*** Opening Stored data ***

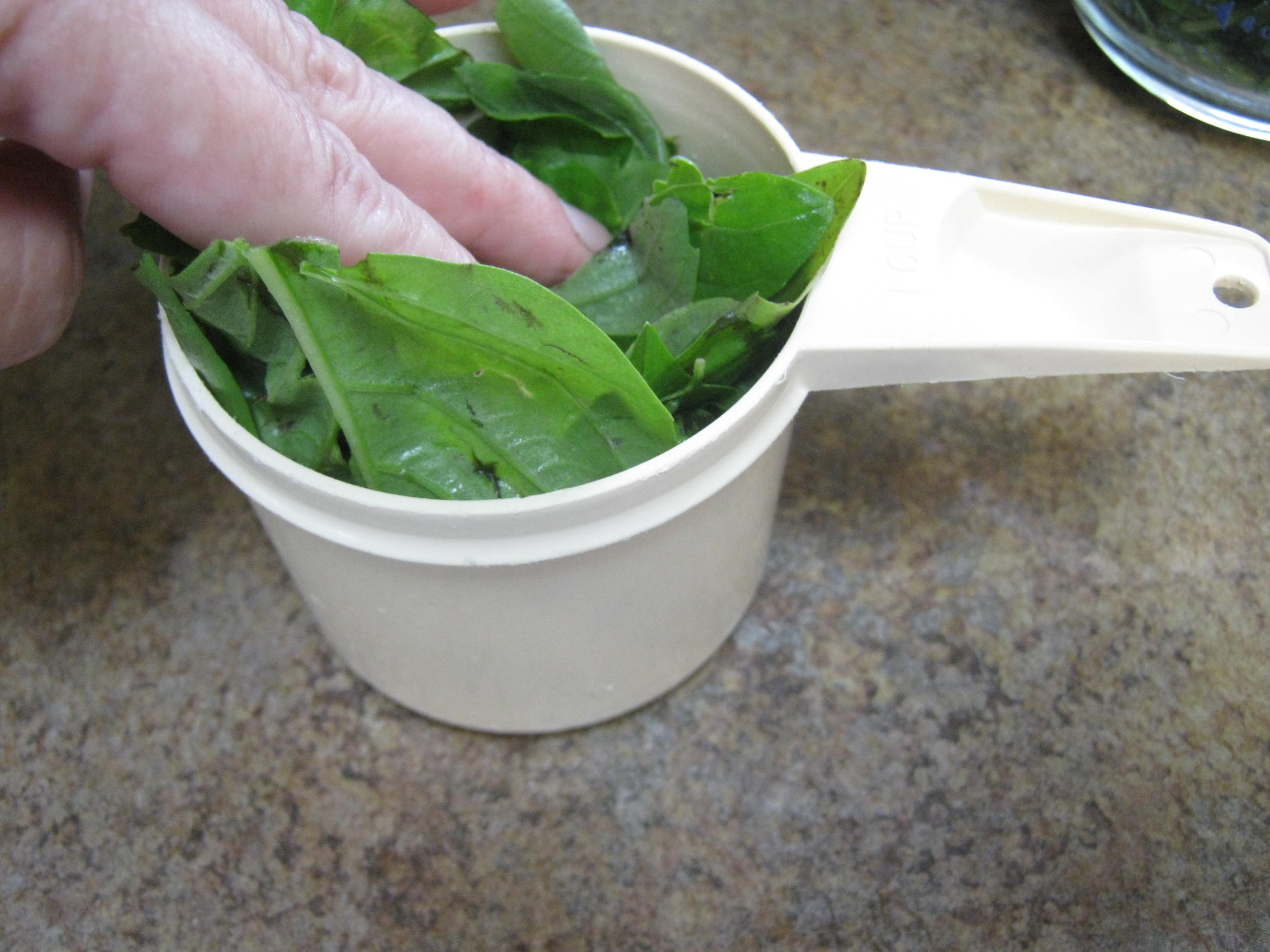 But I digress. Back to the basil. Once you have the leaves washed and dried, measure out 3 cups’ worth, packing them in pretty tight.
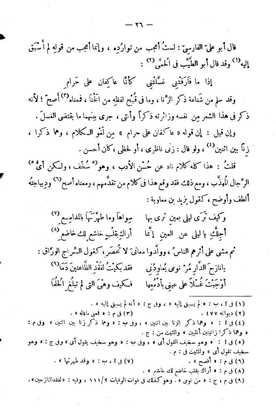 قال أبو عليّ الفارسيّ: لستُ أعجب من توارُدِه، وإنما أعجب من قولهِ لم أُسْبَق إليه وقد قال أبو الطَّيِّب في الُحمَّى:
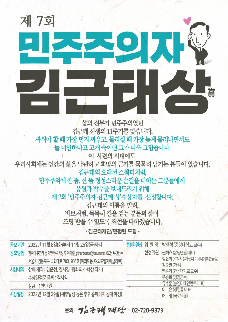 『제7회 민주주의자 김근태 상』 참여 안내

*** Closing Stored data ***

> _Aim of the exercise_
Transcribe every line from the one containing "قال أبو عليّ" to the end of the listing, exactly and exclusively. Do not carry any picture over.

> _Your response_
 قال أبو عليّ الفارسيّ: لستُ أعجب من توارُدِه، وإنما أعجب من قولهِ لم أُسْبَق إليه وقد قال أبو الطَّيِّب في الُحمَّى:
 『제7회 민주주의자 김근태 상』 참여 안내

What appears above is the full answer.